3. Intensification therapy (consolidation), which eradicates residual
leukemia cells, followed by delayed intensification, which prevents
emergence of resistant leukemic clones.
4. Maintenance therapy, which serves to maintain the remission
phase.
5. Hematopoietic stem cell transplantation (HSCT):
•
Is not recommended for children with ALL during the first
remission because of the excellent results possible with
chemotherapy.
• It can be from matched unrelated donors or mismatched
donors.
• It is accompanied by significant morbidity and mortality,
including graft-versus-host disease (GVHD), overwhelming
infection, or severe organ damage.
Prognosis:
•
The most important prognostic factors for determining long- term
survival for children with ALL (in addition to treatment) are
1. The Initial WBC count: Children with a normal or low WBC count who
are CALLA positive have a much better prognosis than those with a high
count or other cell types.
2. The child’s age at the time of diagnosis: Children diagnosed between 2
and 9 years of age have consistently demonstrated a better outlook
than those diagnosed before 2 or after 10 years of age.
3. The sex of the child: girls appear to have a more favorable prognosis
than boys.
4. The type of cell involved.
5. Karyotype analysis.
Late Effects of Treatment :
1. Pain: use analgesia.
2. Infection: secondary to neutropenia
3. Anemia: blood transfusion may be necessary.

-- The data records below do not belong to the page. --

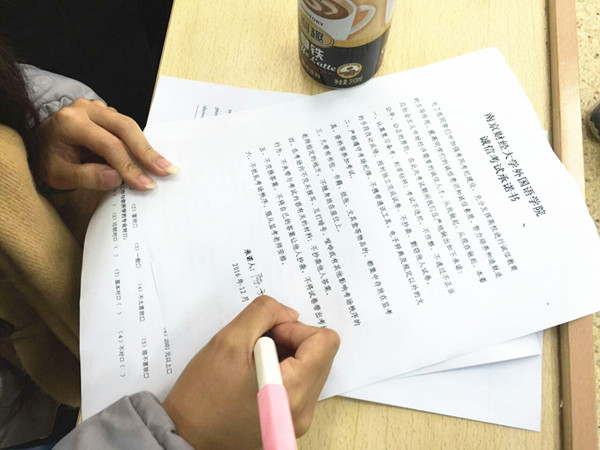 12月29日,各年级辅导员分别召开考风考纪专题班会,呼吁同学们认真复习,诚信应考,共建诚信班级。当天,各班级还组织了诚信考试承诺书签字仪式。各班级班长宣读了诚信考试承诺内容后,同学们在承诺书上郑重签字。
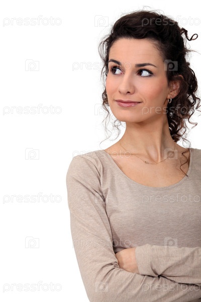 Женщина стоит, сложив руки на груди
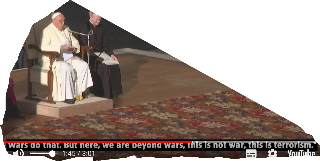 Ich persönlich bin der festen Überzeugung, das Papst Franziskus die Zeichen der Zeit erkannt hat. Das die Welt auf ein großes kriegerisches Debakel hinsteuert. Er propagiert seine Meinung, die in vielen Punkten die meine ist. Viel Punkte würde ich warscheinlich anders formulieren, und in Deutschland damit Schwierigkeiten bekommen. Aber warum sollte ich das tun. Um mich gegen den Papst zu profilieren ? Wer mit /0 jahren och kein Profil hat der wird auch den Rest seines Lebens keins bekommen. So legen wir uns in den Windschatten des Papstes und uterstützen den Papst
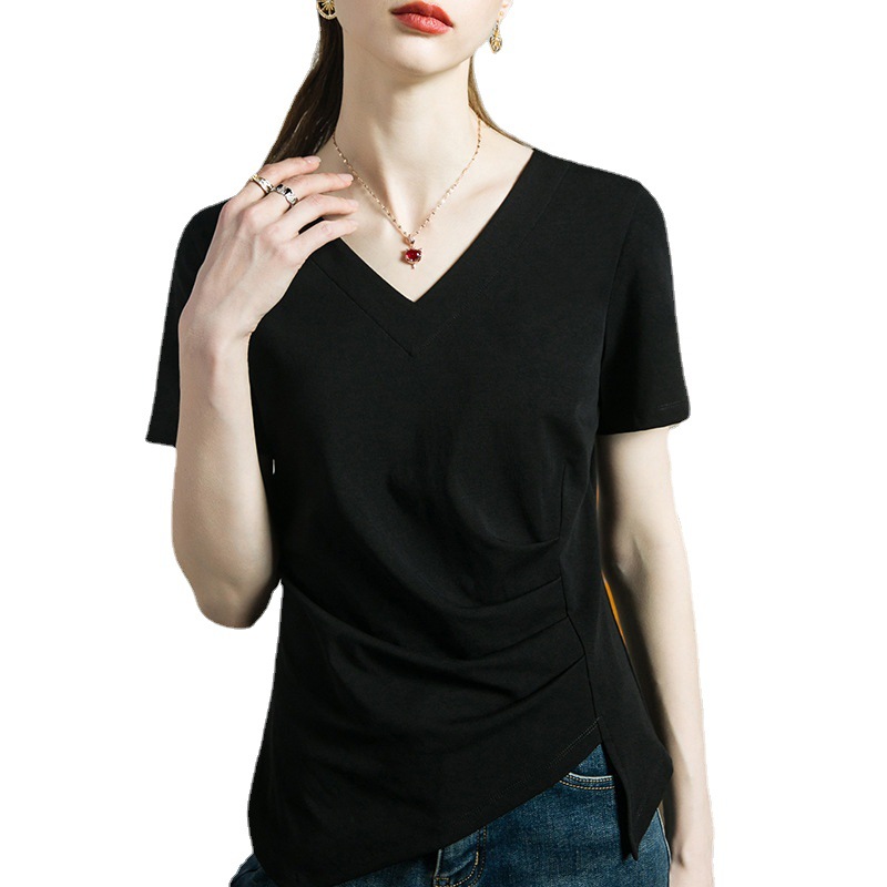 | nameOriginal | 2023 solid color V-neck T-shirt women's 1688 short-sleeved slim-fit irregular pleated top Western style cotton T-shirt |

4. Hemorrhage: Administration of platelet concentrate or platelet
rich plasma
5. Anorexia: Nasogastric tube feeding or total parenteral nutrition
my be implemented.
6. Mucosal ulceration: local anesthetics are effective in temporary
relieving the pain. Rectal ulcer are managed by meticulous
toilette Hygiene.
7. Neuropathy: administer laxatives for Sever constipation,
maintain good body alignment, carry out safety measure during
ambulation, and provide a soft or a liquid diet for sever jaw pain.
8. Hemorrhagic cystitis: promote a liberal fluid intake, frequent
voiding immediately after feeling the urge, administer the drug
early in the day.
9.
Alopecia: Inform the family that hair regrows in 3 to 6
months and my be of a different color and texture.
10. Moon Face: due to chemotherapy.
11. Mood change: Provide emotional support.